** Opening Data provided block **
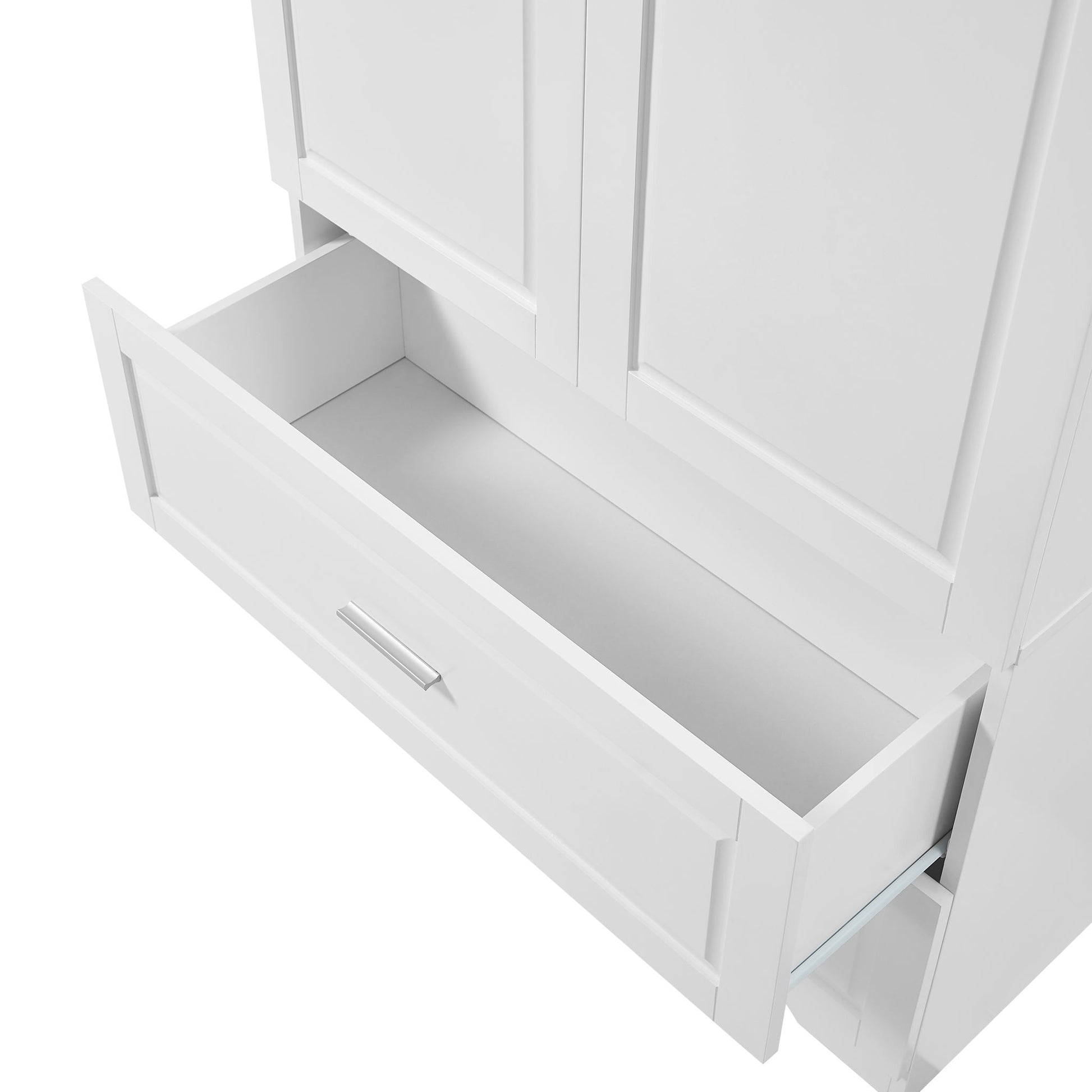 High-Quality Material: Made of high-quality MDF boards with a painted finish, this cabinet features a water-proof and easy-to-clean surface. Metal components like the door handle, hinge, and drawer slide add durability.
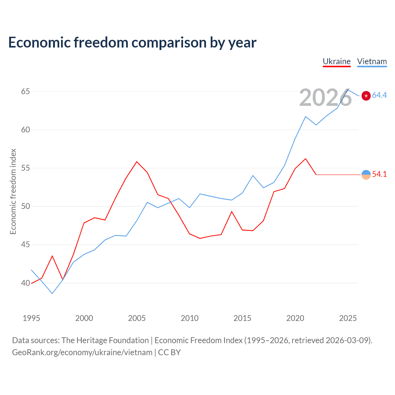 Data sources: The Heritage Foundation | Economic Freedom Index (1995–2026, retrieved 2026-03-09).
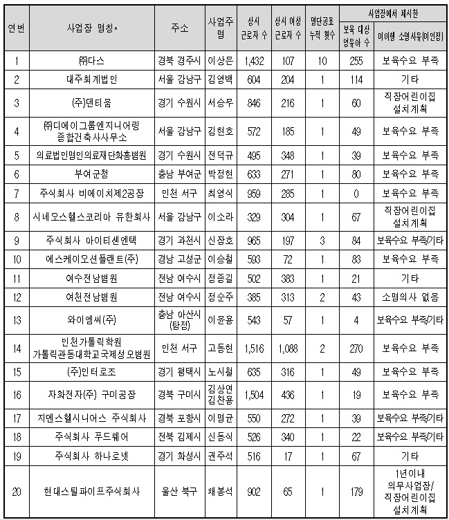 명단이 공표된 사업장은 다음과 같다. ㈜다스(경북 경주), 대주회계법인(서울 강남구), ㈜덴티움(경기 수원시), ㈜디에이그룹엔지니어링종합건축사사무소(서울 강남구), 의료법인 명인의료재단 화홍병원(경기 수원시), 부여군청(충남 부여군), ㈜비에이치 제2공장(인천 서구), 시네오스헬스코리아 유한회사(서울 강남구), ㈜아이티센엔텍(경기 과천시), 에스케이오션플랜트㈜(경남 고성군), 여수전남병원과 여천전남병원(전남 여수시), 와이엠씨㈜(충남 아산시), 인천가톨릭학원 가톨릭관동대 국제성모병원(인천 서구), ㈜인터로조(경기 평택시), 자화전자㈜ 구미공장(경북 구미시), 지멘스헬시니어스㈜(경북 포항시), ㈜푸드웨어(전북 김제시), ㈜하나로넷(경기 화성시), 현대스틸파이프㈜(울산 북구) 등이다.
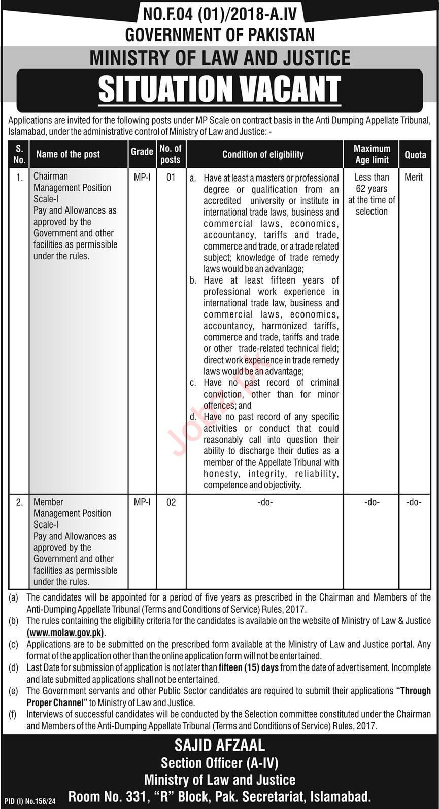 Ministry of Law & Justice Islamabad, islamabad Islamabad Pakistan invites applications from eligible candidates for the post of member and chairman as per advertisement of July 8, 2024 published in daily Express Newspaper. Bachelor, MS and Master etc. educational qualification will be preferred.
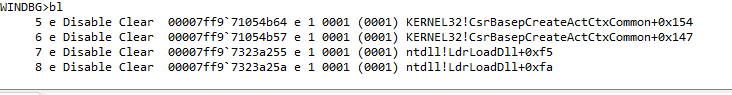 如果包正确,应该到达csrss进程的sxssrv模块中的BaseSrvSxsCreateActivationContextFromMessage函数。所以,在调试远程内核时,需要将上下文切换到此进程。然后,需要重新加载用户模式符号以在其上放置断点:
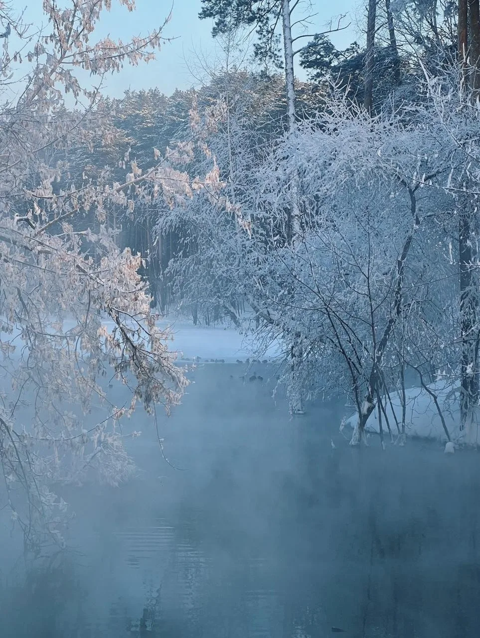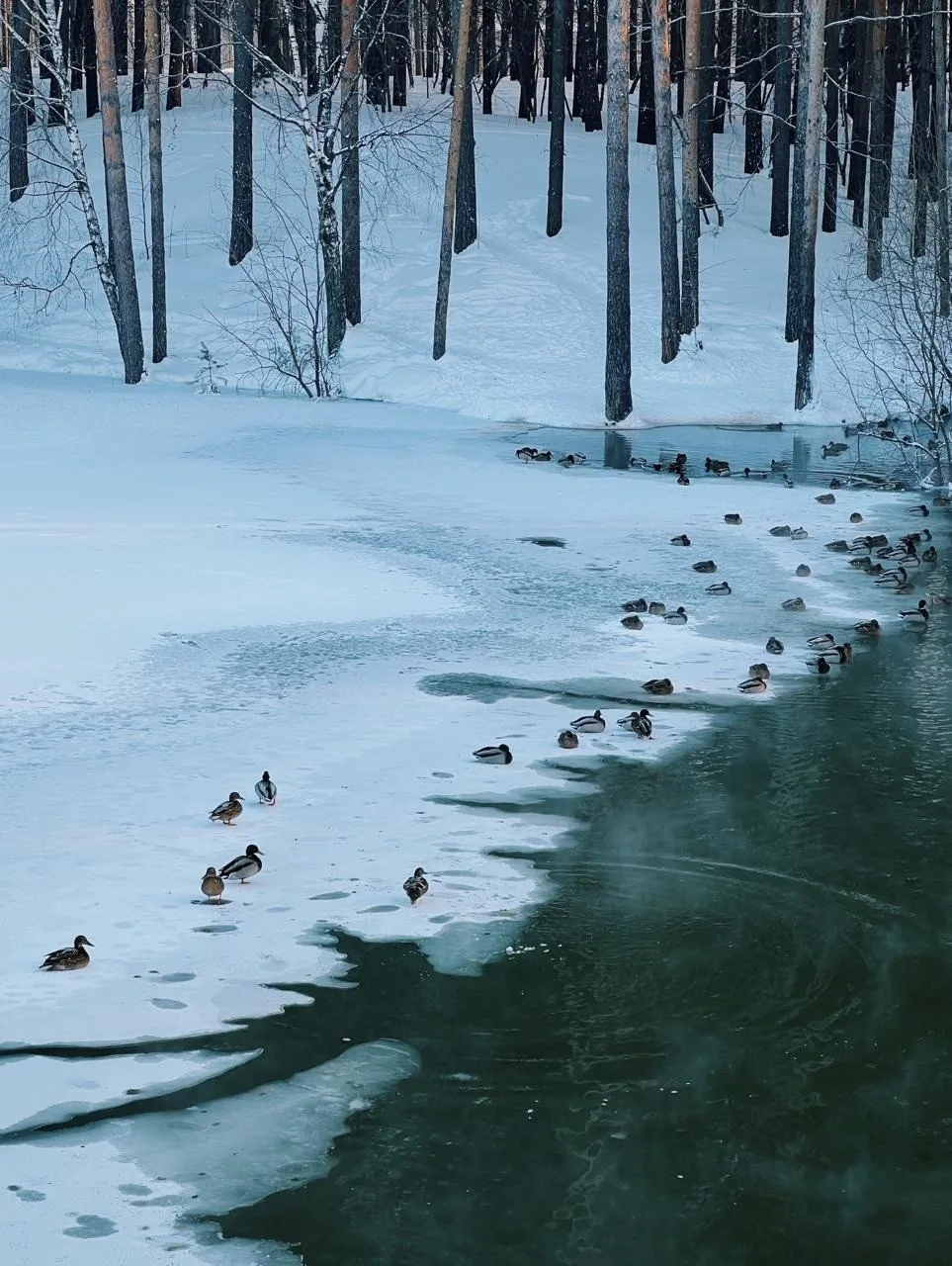 💧 контрастная тёмная вода на фоне белоснежного окружения;
** Closing Data provided block **
[Exercise description]:
Please output the material above unchanged, apart from removing the pictures.

[Solution]:
 High-Quality Material: Made of high-quality MDF boards with a painted finish, this cabinet features a water-proof and easy-to-clean surface. Metal components like the door handle, hinge, and drawer slide add durability.
 Data sources: The Heritage Foundation | Economic Freedom Index (1995–2026, retrieved 2026-03-09).
 명단이 공표된 사업장은 다음과 같다. ㈜다스(경북 경주), 대주회계법인(서울 강남구), ㈜덴티움(경기 수원시), ㈜디에이그룹엔지니어링종합건축사사무소(서울 강남구), 의료법인 명인의료재단 화홍병원(경기 수원시), 부여군청(충남 부여군), ㈜비에이치 제2공장(인천 서구), 시네오스헬스코리아 유한회사(서울 강남구), ㈜아이티센엔텍(경기 과천시), 에스케이오션플랜트㈜(경남 고성군), 여수전남병원과 여천전남병원(전남 여수시), 와이엠씨㈜(충남 아산시), 인천가톨릭학원 가톨릭관동대 국제성모병원(인천 서구), ㈜인터로조(경기 평택시), 자화전자㈜ 구미공장(경북 구미시), 지멘스헬시니어스㈜(경북 포항시), ㈜푸드웨어(전북 김제시), ㈜하나로넷(경기 화성시), 현대스틸파이프㈜(울산 북구) 등이다.
 Ministry of Law & Justice Islamabad, islamabad Islamabad Pakistan invites applications from eligible candidates for the post of member and chairman as per advertisement of July 8, 2024 published in daily Express Newspaper. Bachelor, MS and Master etc. educational qualification will be preferred.
 如果包正确,应该到达csrss进程的sxssrv模块中的BaseSrvSxsCreateActivationContextFromMessage函数。所以,在调试远程内核时,需要将上下文切换到此进程。然后,需要重新加载用户模式符号以在其上放置断点:
 💧 контрастная тёмная вода на фоне белоснежного окружения;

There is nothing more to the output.